* What this task involves
Exclude the pictures, then restate every entry below exactly.

---*---

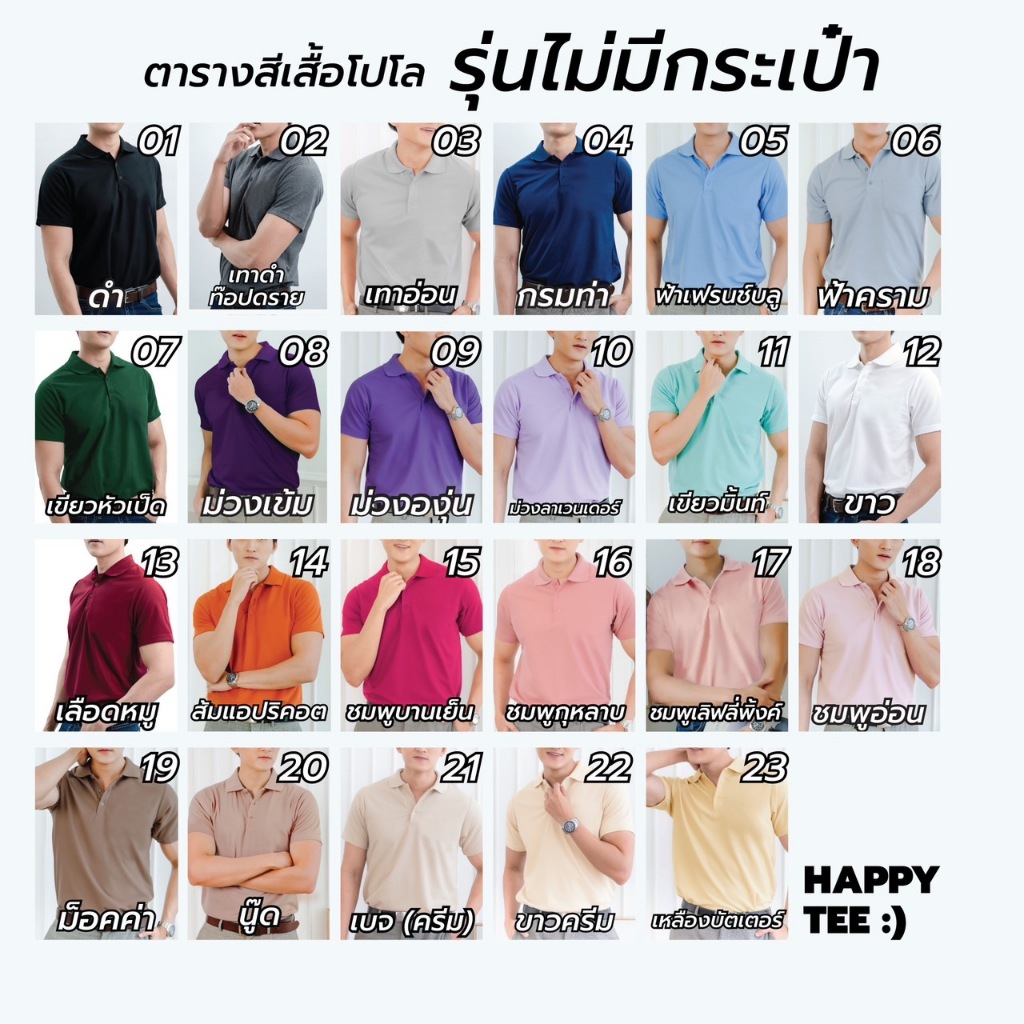 HAPPY TEE ท้าให้ลอง!! เสื้อโปโล ทรงสวย "ไม่มีกระเป๋า" สีสวย ตรงปก ผ้านุ่มไม่ต้องรีด มีถึงรอบอก 61"
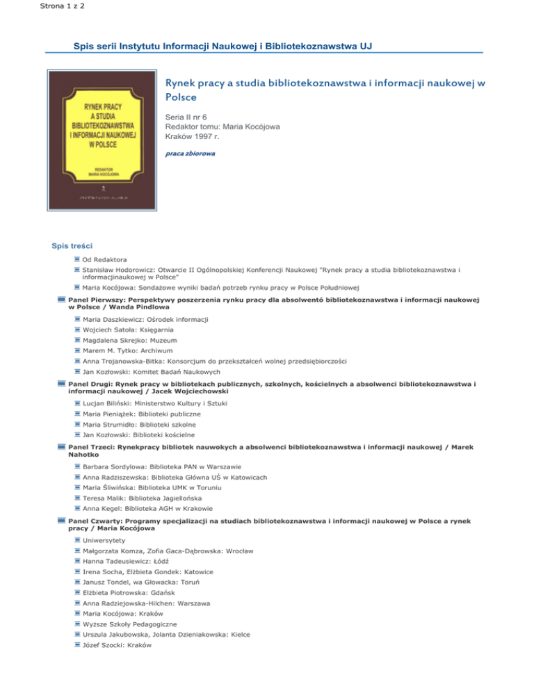 Spis serii Instytutu Informacji Naukowej i Bibliotekoznawstwa UJ
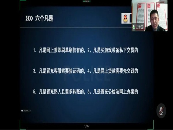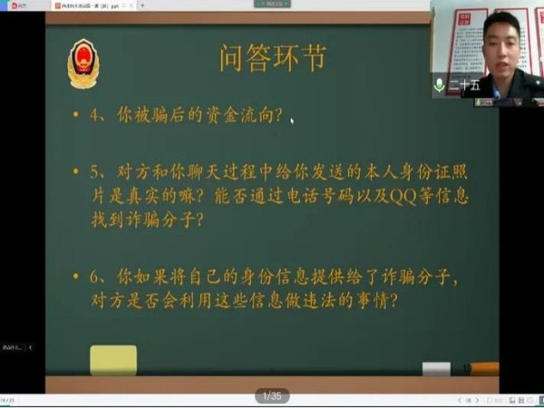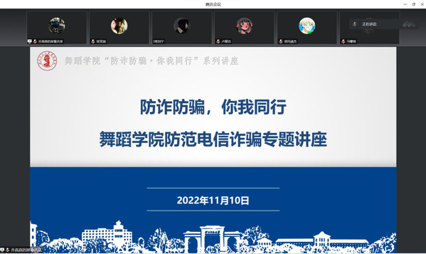 为进一步提升员工识诈防诈能力,增强防范电信网络诈骗意识,11月10日,js33333金沙线路检测邀请兰州市公安局安宁分局培黎派出所警员、西北师大社区社区民警卫世庄和罗中宇在线上举办了“反诈防骗,你我同行”防范电信诈骗专题讲座,帮助同学们树立日常安全反诈意识,维护校园安全与网络文明。
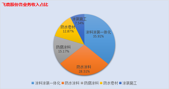从业务结构来看,“涂料涂装一体化”、“防水涂料”是飞鹿股份营业收入的主要来源。具体而言, “涂料涂装一体化”营业收入为1.4亿,营收占比为35.91%。“防水涂料”营业收入为1.1亿,营收占比为28.51%。“防腐涂料”营业收入为5804.6万,营收占比为15.17%。
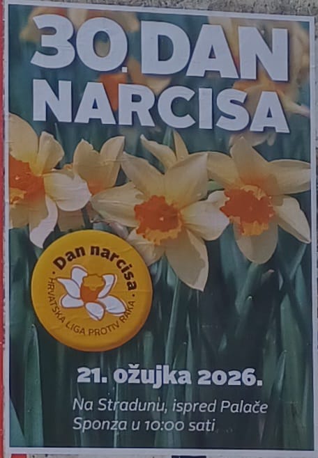 U povodu 30. nacionalne humanitarne akcije ‘Dan narcisa’ danas pred Sponzom od 10 do 11.30 sati, Liga protiv raka Dubrovnik i njezin Klub onkoloških bolesnika (KОВ), organiziraju akciju prodaje narcisa i dijeljenja letaka i brošura.
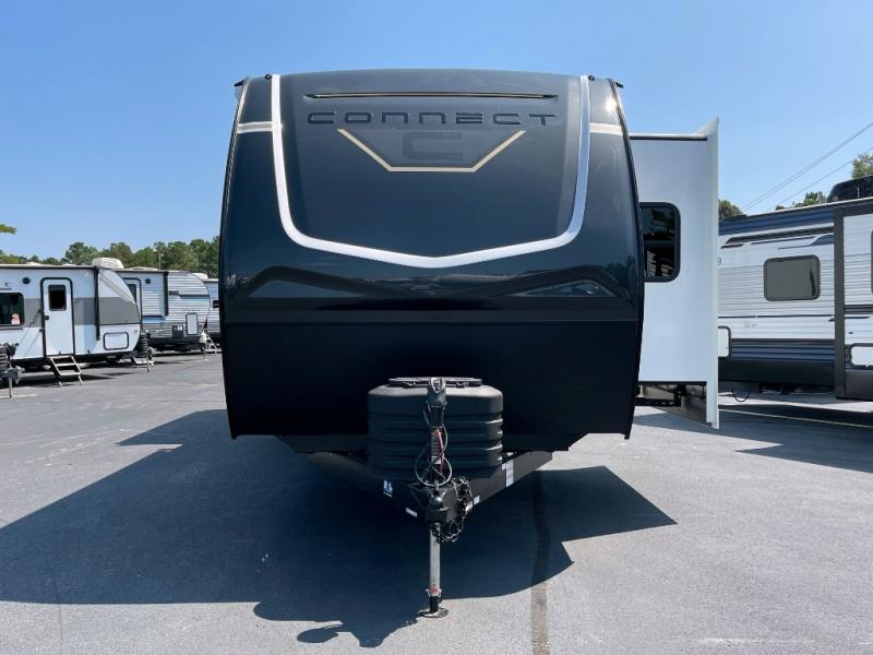 How about a nice afternoon of relaxing on the lake and then rinsing off in the 30" x 36" shower on this Connect travel trailer? After you get clean, you can grab a fresh change of clothes from the front walk-in closet and dresser in the private bedroom. The bedroom also has an area prepped for a washer and dryer and a king bed slide. Out in the main living area, you'll be able to prepare a meal without much effort at all since this trailer has a three-burner range, a microwave, a 10 cu. ft. 12V refrigerator, and a kitchen island for more prep space. You can even have your friends sit on the 70" sofa, theater seating, and booth dinette to chat with you while you finish the meal. You all will also benefit from the two electric awnings with LED lights on the exterior.
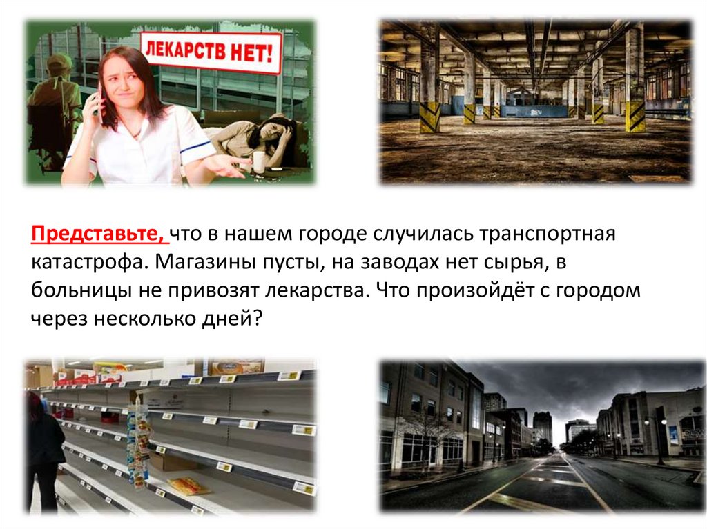 Представьте, что в нашем городе случилась транспортнаякатастрофа. Магазины пусты, на заводах нет сырья, в

---*---

* Problem solution
 HAPPY TEE ท้าให้ลอง!! เสื้อโปโล ทรงสวย "ไม่มีกระเป๋า" สีสวย ตรงปก ผ้านุ่มไม่ต้องรีด มีถึงรอบอก 61"
 Spis serii Instytutu Informacji Naukowej i Bibliotekoznawstwa UJ
 为进一步提升员工识诈防诈能力,增强防范电信网络诈骗意识,11月10日,js33333金沙线路检测邀请兰州市公安局安宁分局培黎派出所警员、西北师大社区社区民警卫世庄和罗中宇在线上举办了“反诈防骗,你我同行”防范电信诈骗专题讲座,帮助同学们树立日常安全反诈意识,维护校园安全与网络文明。
从业务结构来看,“涂料涂装一体化”、“防水涂料”是飞鹿股份营业收入的主要来源。具体而言, “涂料涂装一体化”营业收入为1.4亿,营收占比为35.91%。“防水涂料”营业收入为1.1亿,营收占比为28.51%。“防腐涂料”营业收入为5804.6万,营收占比为15.17%。
 U povodu 30. nacionalne humanitarne akcije ‘Dan narcisa’ danas pred Sponzom od 10 do 11.30 sati, Liga protiv raka Dubrovnik i njezin Klub onkoloških bolesnika (KОВ), organiziraju akciju prodaje narcisa i dijeljenja letaka i brošura.
 How about a nice afternoon of relaxing on the lake and then rinsing off in the 30" x 36" shower on this Connect travel trailer? After you get clean, you can grab a fresh change of clothes from the front walk-in closet and dresser in the private bedroom. The bedroom also has an area prepped for a washer and dryer and a king bed slide. Out in the main living area, you'll be able to prepare a meal without much effort at all since this trailer has a three-burner range, a microwave, a 10 cu. ft. 12V refrigerator, and a kitchen island for more prep space. You can even have your friends sit on the 70" sofa, theater seating, and booth dinette to chat with you while you finish the meal. You all will also benefit from the two electric awnings with LED lights on the exterior.
 Представьте, что в нашем городе случилась транспортнаякатастрофа. Магазины пусты, на заводах нет сырья, в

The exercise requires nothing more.